Remember that we also have older Golang output plugins for AWS (no longer recommended since they have poorer performance). These do not use the core fluent bit http client and networking library:

  • cloudwatch
  • firehose
  • kinesis

Consequently, the AWS team contributed an auto_retry_requests config option for each of the core AWS outputs. This will issue an immediate retry for any connection issues.

What will the logs collected by Fluent Bit look like?

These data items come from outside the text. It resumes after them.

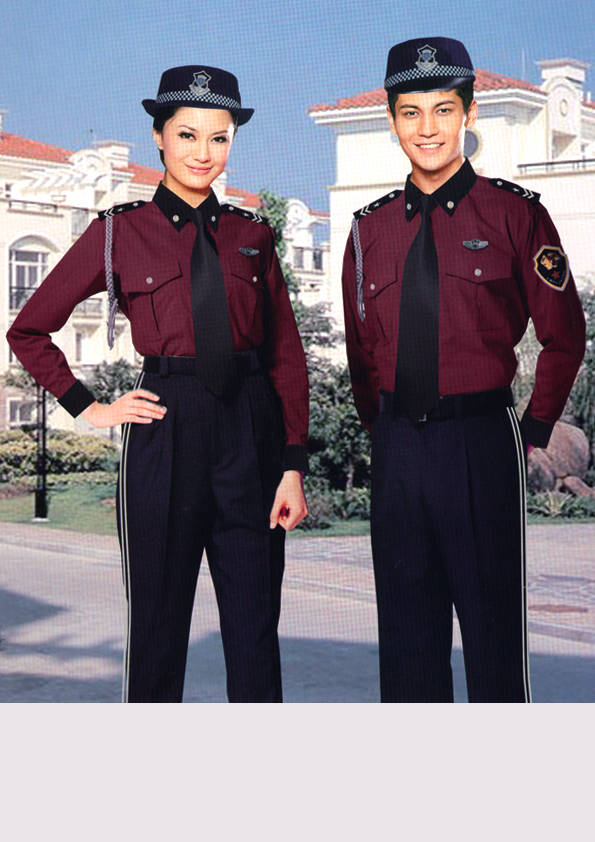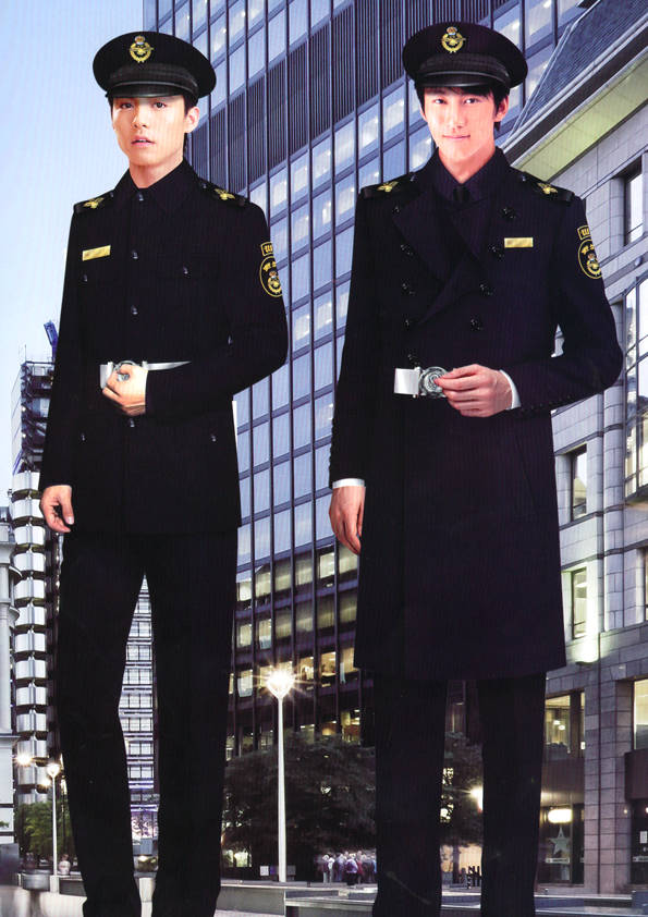保安员服装分为:春秋冬常服、执勤服、押运服、训练服、长短袖衬衣、夏裤、女裙、棉服等。帽子分为:大檐帽、卷檐帽、工作帽、贝雷帽、棉帽等。鞋分为:单皮鞋、棉皮鞋、押运员高筒皮靴、女保安员高筒皮靴、训练用鞋等。配饰标志为:帽徽、肩章、臂章、保安从业单位标志号牌、专用钮扣、专用腰带扣、领带、领带夹等。在治安环境越来越好的今天,“保安”这一岗位不再是单一的岗位了,现在越来越多的企业、单位把“保安”的岗位用途增强了,不仅仅只是用来担任安保工作,更是用来做为一个体现形象及服务的岗位,所以现在有部份企业、单位的保安服装也越来越时尚、简洁、大方了,往那里一站犹如一道风景!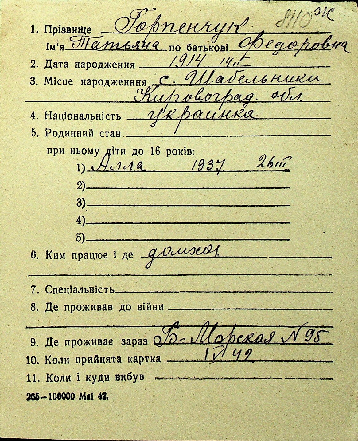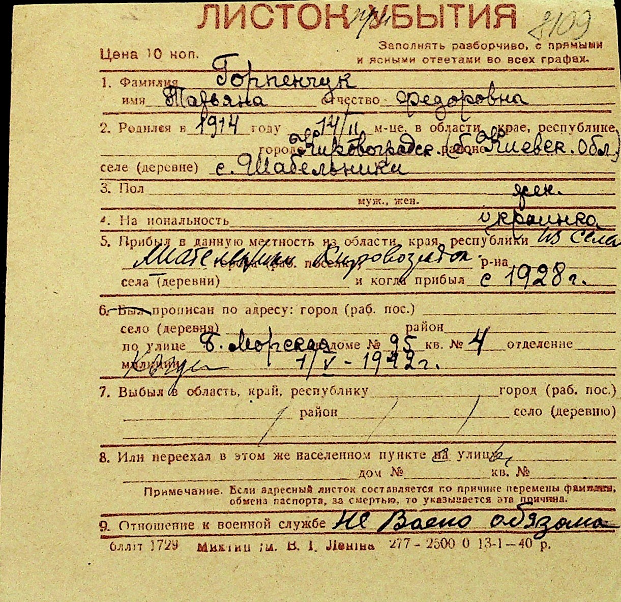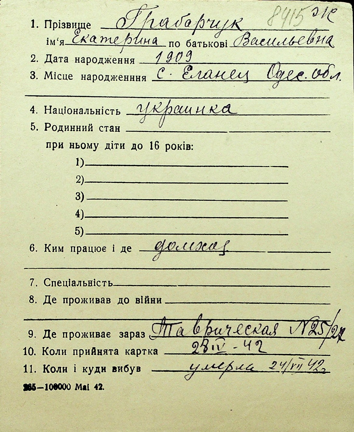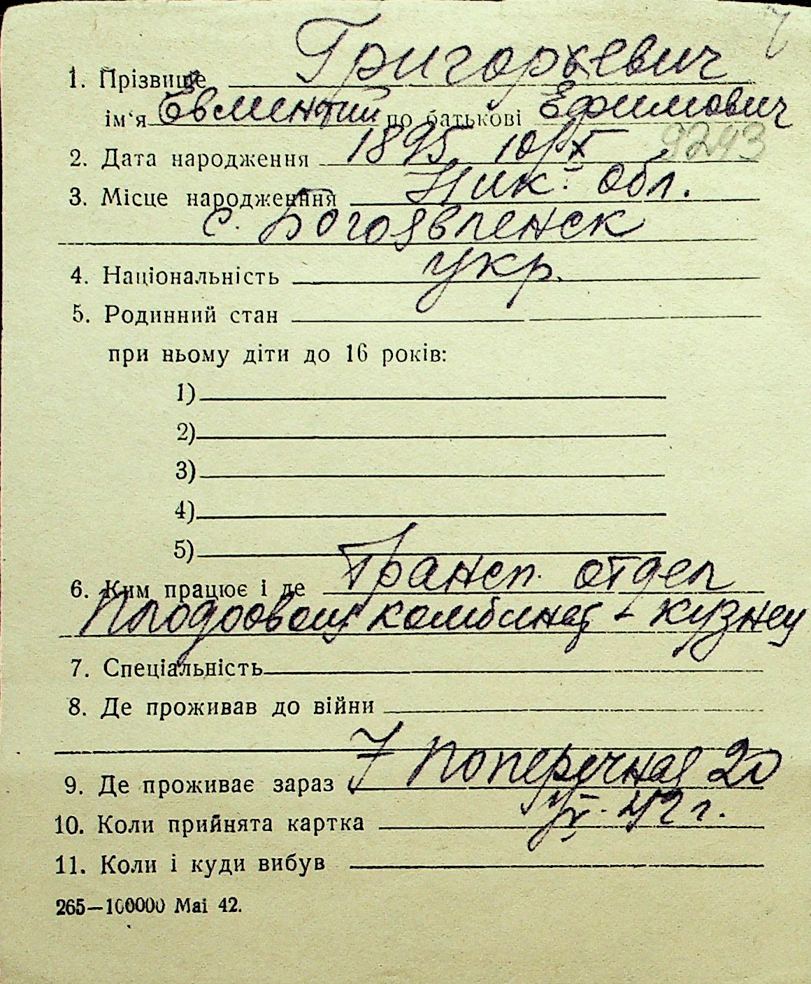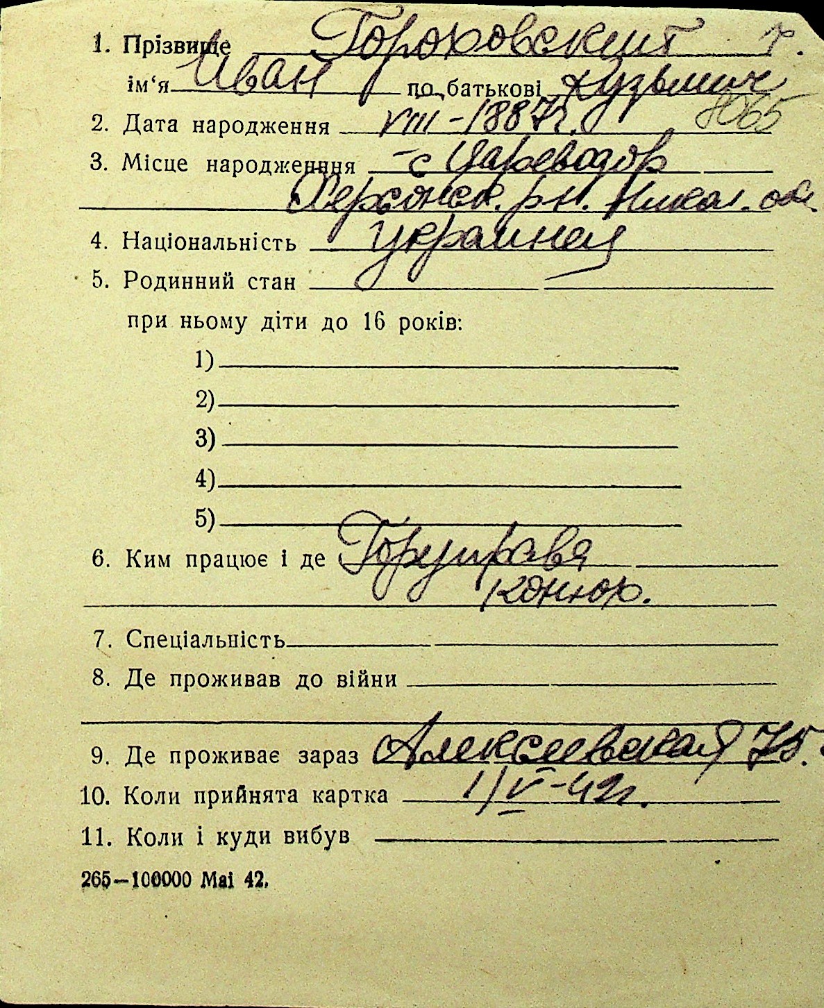 • • Перелік карток до фонду № Н-1016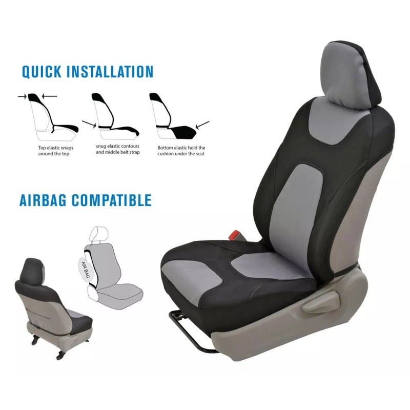 These thick and durable seat covers are 100% waterproof to protect you from liquids, foods, and any spills and accidents. The covers only protect what needs to be protected. Side-less coverage provides easy access for armrests, controls, and side air bags. You will have your seats covered where you need it, and not covered where you don't. Soft polyester cloth, waterproof neoprene, and anit-slip backing create the comfortable and practical seat cover.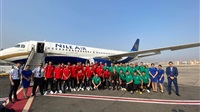 استقبال بالورود لبعثة السباحة بالزعانف بعد التتويج ببطولة العالم للمياه المفتوحة بصربيا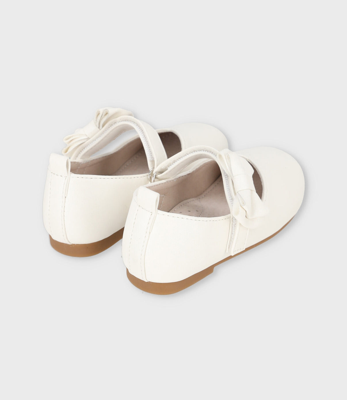 Bailarina de pu blanco con pequeños destellos. Apertura con velcro. Moño decorativo en velcro. Forro de pu suave. Plantilla de cuero. Suela de TPR.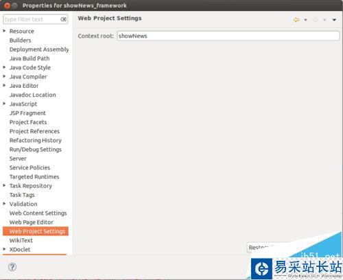 3、找到下面的Web Project Setting,注意看這里的Context root是不是你的項目名稱,比如我的就還是之前的項目名:showNews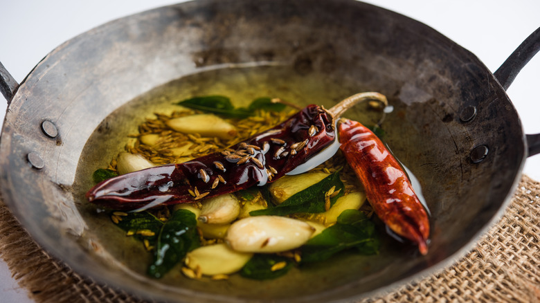 Tempering, referred to as "tadka" or "tarka" in Hindi, is an Indian cooking method that imparts new layers of flavor to your culinary creations. It involves heating oil in a small pan, spluttering spices and aromatics, and pouring the mixture over cooked curries, lentils, and rice dishes. The ingredients you use are up to your discretion: Garlic, dried chilis, mustard seeds, cumin seeds, coriander seeds, and even split lentils are customary choices.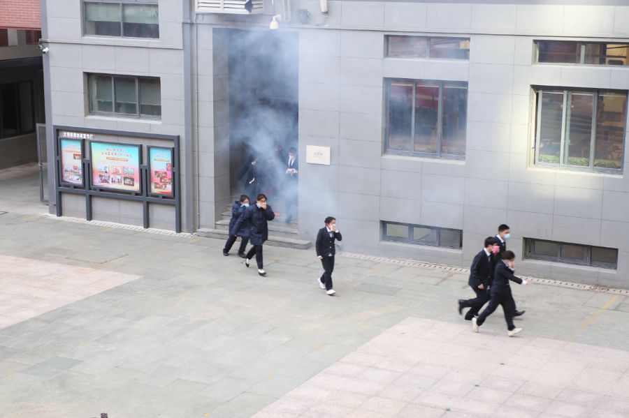 演习当天,德育室通过广播就安全疏散的注意事项向全体师生做了重要提示。随着警报声的响起,演练正式开始”。各班学生听到警报声后,按照预先设定好的路线和顺序从教室撤离。师生们手捂口鼻、弯着腰,紧张而有序地沿着消防通道迅速转移到学校操场安全地方。在规定时间内,全体学生到达集合地点,班主任清点班级人数后,各班班长向现场指挥报告人数。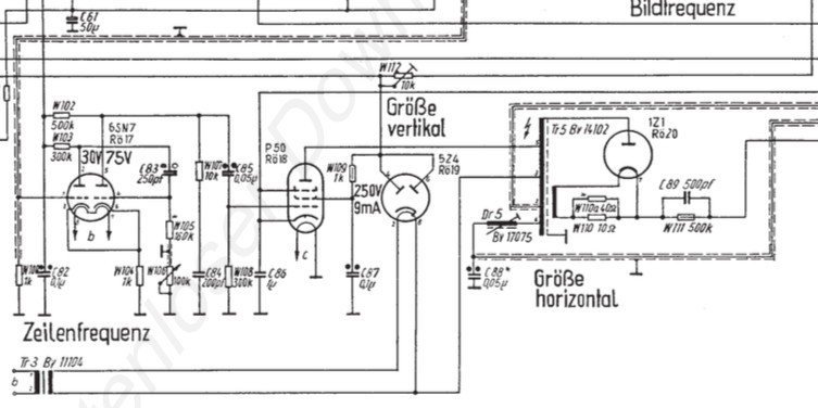 Ich habe einen zweiten 852D, den habe ich noch länger, und bekam ihn als restauriert. Funzte aber nicht, daher landete er erstmal im Keller. Letztlich war nur ein Widerstand im Zeilenoszillator defekt (W102 oder W103, weiss nicht mehr genau). Bei dem Gerät geht der Booster-C nach Masse, und die 1Z1 ist bereits gegen eine PY86 o.Ä. ausgetauscht worden. Funzt jetzt recht gut, daher bekam ich Lust den "originaleren" auch zum Laufen zu bekommen.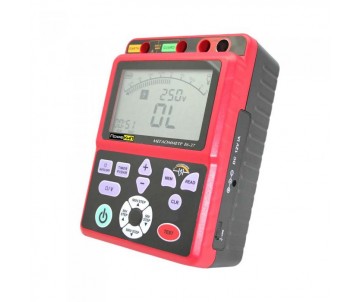 Мегаомметр цифровой ПрофКиП Е6-37 является одним из лучших в своей ценовой категории прибором. Мегаомметр ПрофКиП Е6-37 позволяет производить измерения сопротивления изоляции проводки и различных электротехнических устройств, источников питания, трансформаторов и генераторов. Измеритель сопротивления изоляции может использоваться в мастерских по ремонту электрических устройств. Мегаомметр ПрофКиП Е6-37 производит измерение сопротивления в пределах от 0 до 1000 ГОм, используя для этой цели 5 режимов с номинальным напряжением 250 В /500 В /1000 В /2500 В /5000 В. Измеритель сопротивления изоляции имеет возможность калибровки.
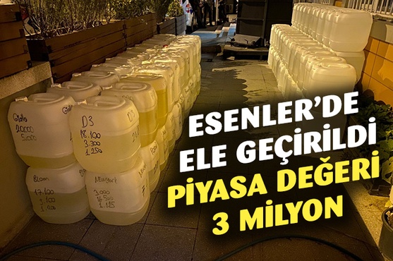 Esenler Asayiş Büro Amirliği ekipleri, ilçede bulunan bir depoda kaçak alkol ve parfüm üretilip piyasaya sürüldüğü ihbarı üzerine harekete geçti. Polis ekipleri olaya ilişkin yaptığı çalışmalar kapsamında Giyimkent 19. Sokak içerisinde bulunan adresi belirledi. Yapılan baskın sonucunda 1,5 ton kaçak alkol ve 3 milyon TL değerinde parfüm ele geçirildi.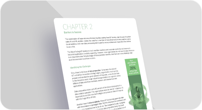 CHAPTER 2 Barriers to Success The combination of large volumes of streaming data coming from IoT devices, plus the use of sophisti- cated AI and ML models, creates the need for a new kind of data infrastructure that combines opera- tional analytics with new data processing techniques to sense problems and respond to them before issues arise. The idea of using IoT devices to track machine readiness and automate predictive maintenance in industrial applications is widely appealing. However, most organizations do not have the data infrastruc- ture required to take full advantage of these potential benefits. And there are many challenges that must be overcome to achieve success. Identifying the Challenges Most data scientists spend only First, there is the issue of data preparation. To harness the value of 20% IoT and deliver innovation-driving insights, organizations must quickly of their time prepare and standardize great volumes of disparate, unstructured data. on data analysis. In the industrial world, large industrial organizations can typically collect billions of data sets from machines, sensors, and internal business applications. Data preparation takes up to 80 percent of the time and resources in a data analysis operation.2 As organizations move to new IoT initiatives, it’s important to consider new technologies and processes that will keep up with this huge influx of data. Another issue is data complexity. Many IoT devices may generate data with timestamps or geotagged data. But this data must be combined with other structured sources to be of use. The complexity is only multiplied as more data is generated. Common data preparation tools like Excel can’t handle this complexity, which leaves skilled analysts locked out of working with the data. Data integration is yet another obstacle to success. Most analysis infrastructures are not designed to exchange or process the vast amounts of complex information pulled from sensors and connected 80% devices. It’s difficult to quickly integrate and enrich machine-generated data with data from business applications and data repositories. Greatly of their time adding to this problem is the fact that much of the data is siloed. is spent finding, cleaning, and reorganizing data. 2 https://www.infoworld.com/article/3228245/the-80-20-data-science-dilemma.html Copyright (©) 2019 RTInsights Industrial IoT Data Collection & Analysis for Real-Time Decision-Making and Predictive Maintenance 5 Copyright (©) 2019 RTInsights Industrial IoT Data Collection & Analysis for Real-Time Decision-Making and Predictive Maintenance

This depends on what input the logs were collected with. However, in general, the raw log line for a container is encapsulated in a log key and a JSON is created like:

{
    "log": "actual line from container here",
}

Fluent Bit internally stores JSON encoded as msgpack. Fluent Bit can only process/ingest logs as JSON/msgpack. With FireLens, your stdout & stderr logs would look like this with if you have not disabled enable-ecs-log-metadata:

{
    "source": "stdout",
    "log": "116.82.105.169 - Homenick7462 197 [2018-11-27T21:53:38Z] \"HEAD /enable/relationships/cross-platform/partnerships\" 501 13886",
    "container_id": "e54cccfac2b87417f71877907f67879068420042828067ae0867e60a63529d35",
    "container_name": "/ecs-demo-6-container2-a4eafbb3d4c7f1e16e00"
    "ecs_cluster": "mycluster",
    "ecs_task_arn": "arn:aws:ecs:us-east-2:01234567891011:task/mycluster/3de392df-6bfa-470b-97ed-aa6f482cd7a6",
    "ecs_task_definition": "demo:7"
    "ec2_instance_id": "i-06bc83dbc2ac2fdf8"
}

The first 4 fields are added by the Fluentd Docker Log Driver. The 4 ECS metadata fields are added by FireLens and are explained here:

If you are using CloudWatch as your destination, there are additional considerations if you use the log_key option to just send the raw log line: What if I just want the raw log line to appear in CW?.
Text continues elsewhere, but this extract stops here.